**Records supplied**
· · · ·

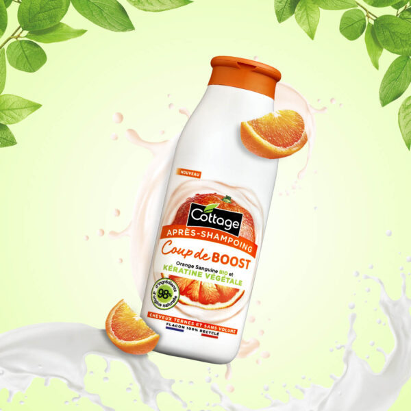 Le shampoing Coup de Boost associe à la kératine végétale un extrait d’orange sanguine bio, riche en antioxydant et vitamine C, pour une formule spécifiquement dédiée aux cheveux ternes et sans volume.
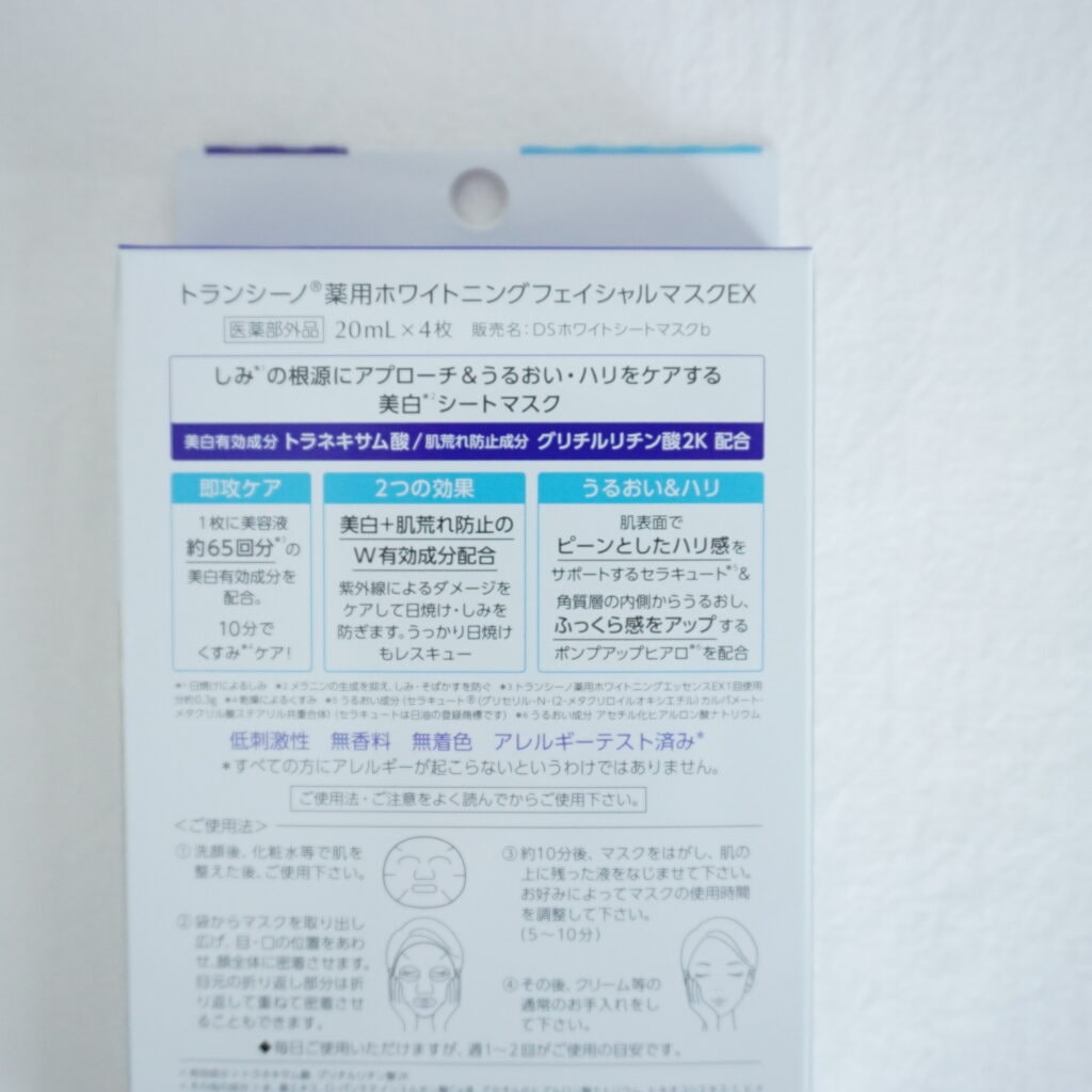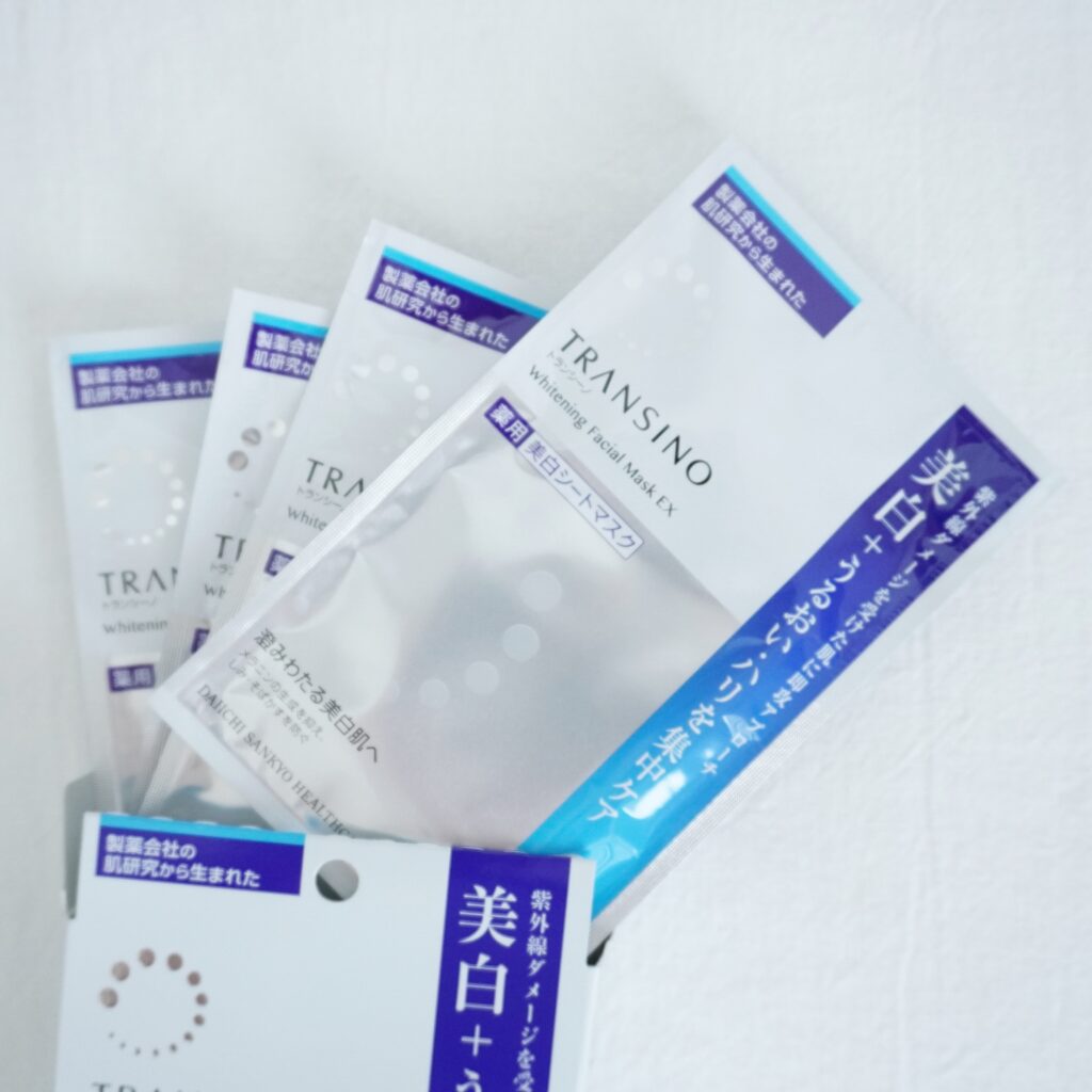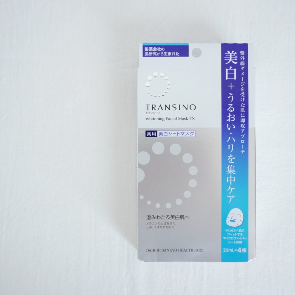 美白シートマスク『トランシーノ薬用ホワイトニングフェイシャルマスクEX』4枚入り。スペシャルケアとして使いたくて常備しています。
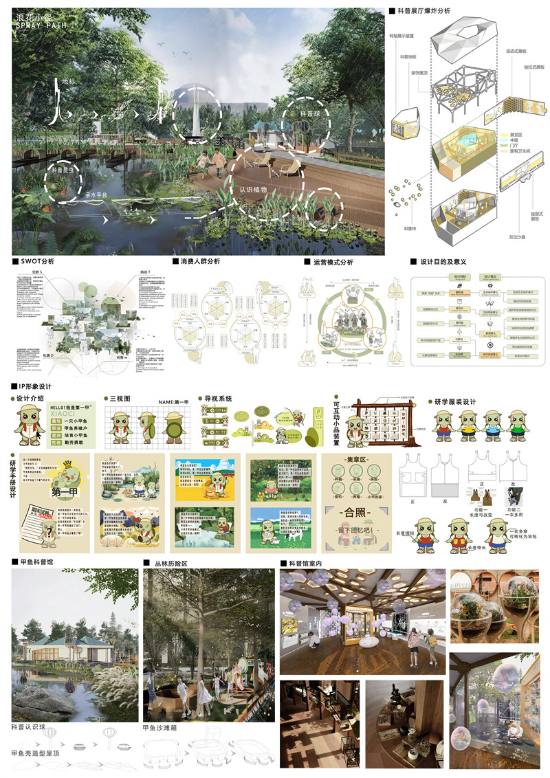 当小朋友们圆满结束这段难忘的研学之旅时,他们可以邀请家长和老师一同合影留念,将这份珍贵的瞬间贴在研学手册上,作为本次旅程的美好纪念。此外,我们还围绕龟龟这一IP形象,精心设计了直观易懂的导视系统、生动有趣的互动小品装置以及独具特色的研学服装,旨在为小朋友们营造一个更加沉浸、更加有趣的研学环境。
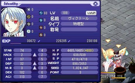 LV:240 STAB 1 HACK 2 INT 125 DEF 32 MR 161 DEX 220 AGI 192
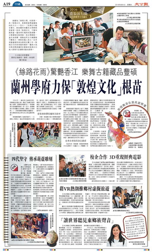 8月4号,香港《大公报》专版报道我校在甘肃地方传统文化,敦煌文化的传承及服务地方经济发展情况进行报道。
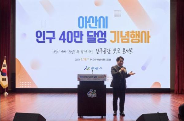 오세현 아산시장은 기념사를 통해 “인구 40만 달성은 단순한 숫자의 증가가 아니라, 아산시가 중견도시로서 규모와 기능을 갖추었음을 보여주는 분명한 전환점”이라며, “국가적으로 저출생과 지역소멸 위기 속에서도 성장하는 도시, 50만 자족도시를 준비하는 도시가 바로 아산”이라고 강조했다.
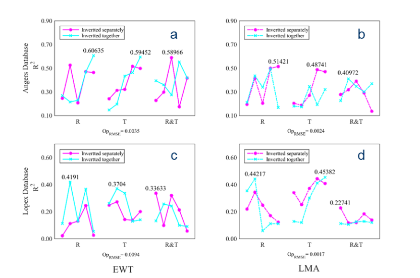 图2 同时-单独反演策略在LMA、EWT分析中的表现,反演时的敏感波段选取为三个不同范围,即750-950, 1300-1700, and 1850-2000 nm,共753个波段。a,c代表同时反演,b,d代表单独反演
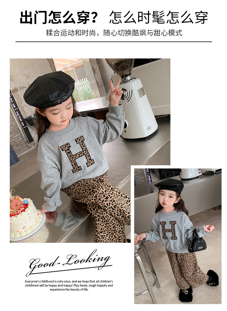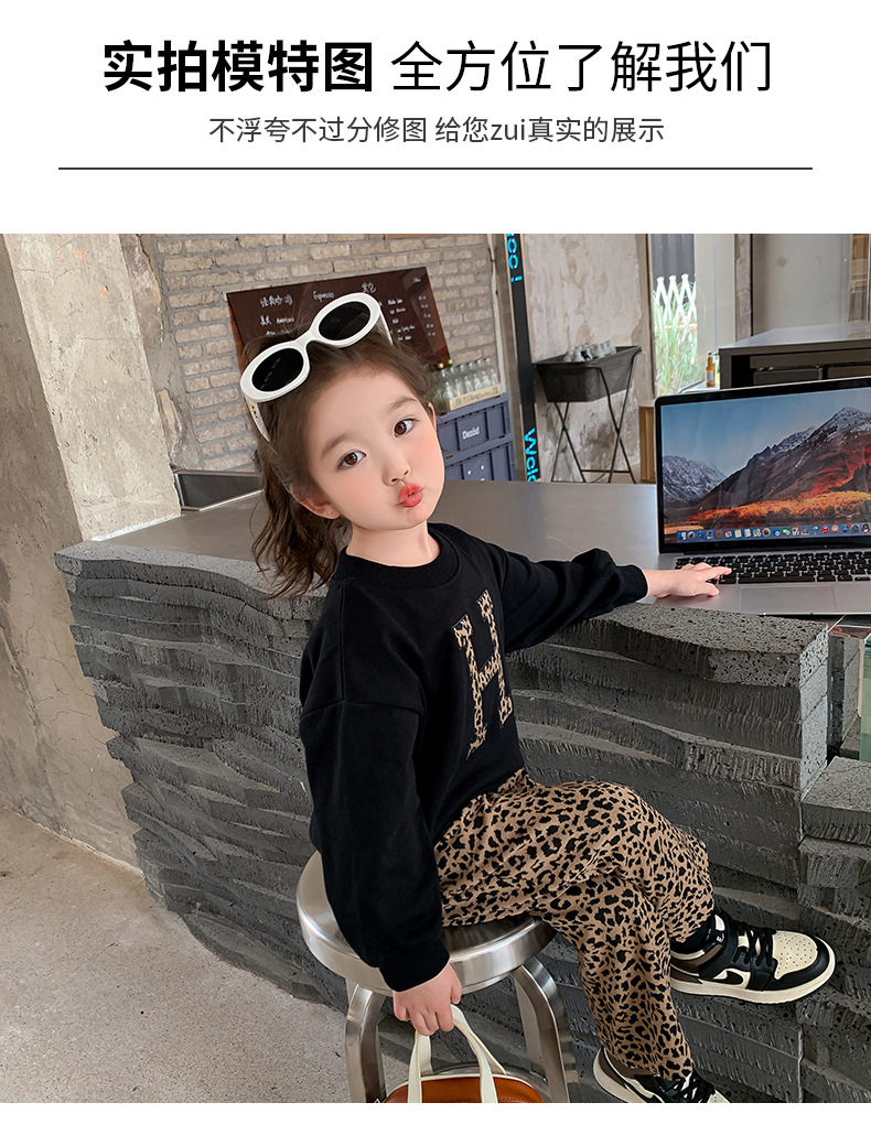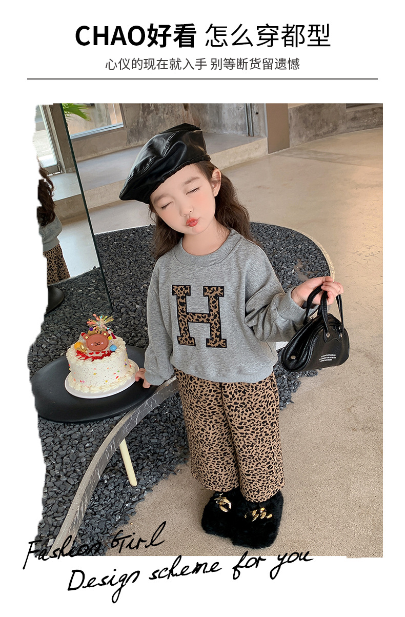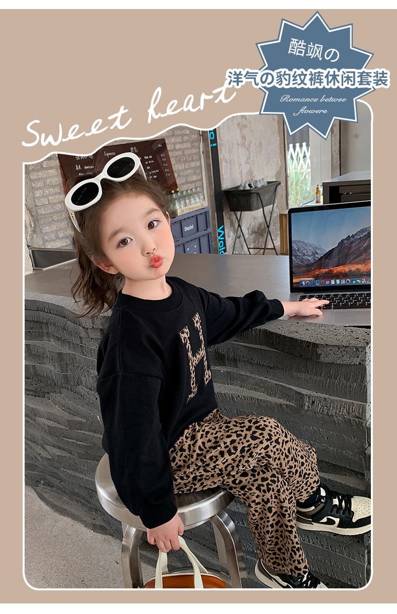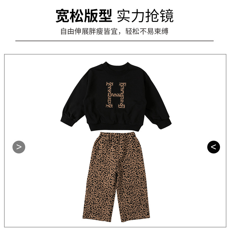 【chao好看,怎么穿都型!】潮流爆款套装女童春秋新款女,时尚洋气棉质卫衣儿儿童豹纹阔腿裤两件套,糅合运动和时尚,随心切换酷飒与甜心模式!
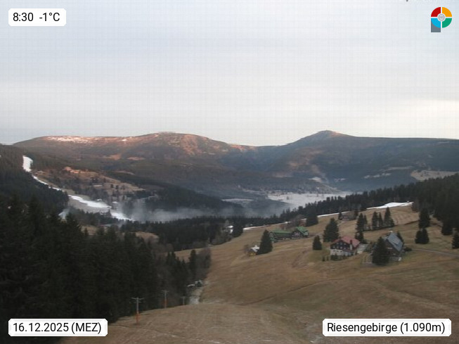 CZ 54221 Pec pod Snezkou (deut. Petzer) 769m, im tschechischen Teil des Riesengebirges (Krkonose) am Fuß der Schneekoppe (Snezka) 1.602m im Bezirk Okres Trutnov. Blick Richtung Norden zur Schneekoppe (Snezka) 1.602m dem höchsten Berg Tschechiens und des Riesengebirges (Krkonose). Präsentiert von https://www.hdinternet.cz/.
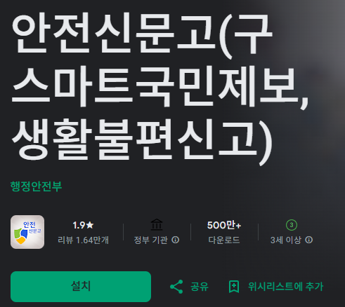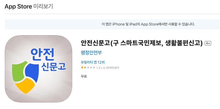 구글 플레이스토어(Android) 또는 앱스토어(iOS)에서 ‘안전신문고’ 검색 후 설치
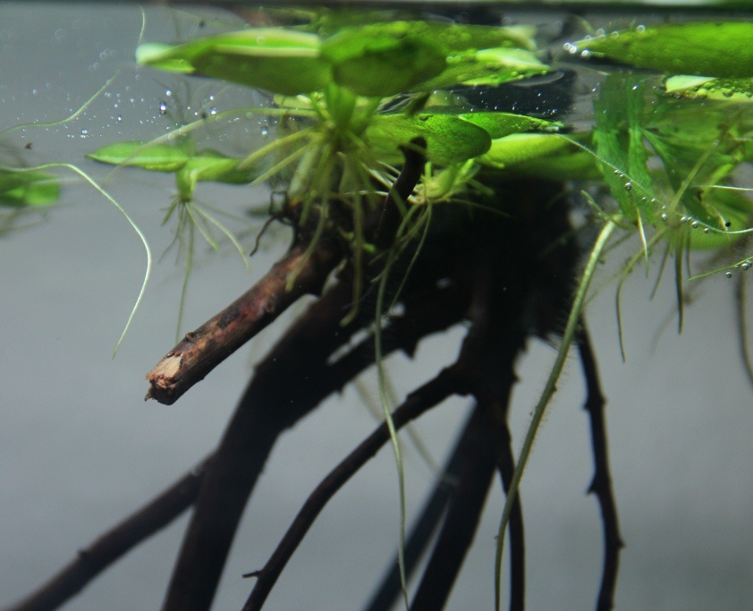 Habe in meinem "20"l-cube seit etwa 1 1/2 Wochen 20 Boraras brigittae. Vom Platz her passen die locker da rein, vom Verhalten her wären 10 - 15 vielleicht besser gewesen... Brauchen auf jeden Fall (in so einem kleinen Becken?) lange, bis sie schnallen, daß es hinter der Scheibe nicht weitergeht. Ein paar Schwimmpflanzen sind wahrscheinlich hilfreich; will ich, wenn ich welche bekomme, ausprobieren. Ich dachte an Froschbiß, der bei dir auch rumschwimmt (Limnobium laevigatum), oder Schwimmende Wolfsmilch (Phyllanthus fluitans). Beim Froschbiß muß man mit den sehr langen und sich dann auch im Bodengrund verankernden Wurzeln leben. Sprich öfter Wurzeln kappen - und die wachsen schnell!!! (Wenn du die aus einem anderen Becken hast, kennst du das...)

· · · ·

**Requirement**
What you write must match the listing exactly, from the line with "and 1850-2000 nm,共753个波段。a,c代表同时反演,b,d代表单独反演" up to and including the line with "구글 플레이스토어(Android) 또는". Pictures stay out.

**Problem solution**
 图2 同时-单独反演策略在LMA、EWT分析中的表现,反演时的敏感波段选取为三个不同范围,即750-950, 1300-1700, and 1850-2000 nm,共753个波段。a,c代表同时反演,b,d代表单独反演
 【chao好看,怎么穿都型!】潮流爆款套装女童春秋新款女,时尚洋气棉质卫衣儿儿童豹纹阔腿裤两件套,糅合运动和时尚,随心切换酷飒与甜心模式!
 CZ 54221 Pec pod Snezkou (deut. Petzer) 769m, im tschechischen Teil des Riesengebirges (Krkonose) am Fuß der Schneekoppe (Snezka) 1.602m im Bezirk Okres Trutnov. Blick Richtung Norden zur Schneekoppe (Snezka) 1.602m dem höchsten Berg Tschechiens und des Riesengebirges (Krkonose). Präsentiert von https://www.hdinternet.cz/.
 구글 플레이스토어(Android) 또는 앱스토어(iOS)에서 ‘안전신문고’ 검색 후 설치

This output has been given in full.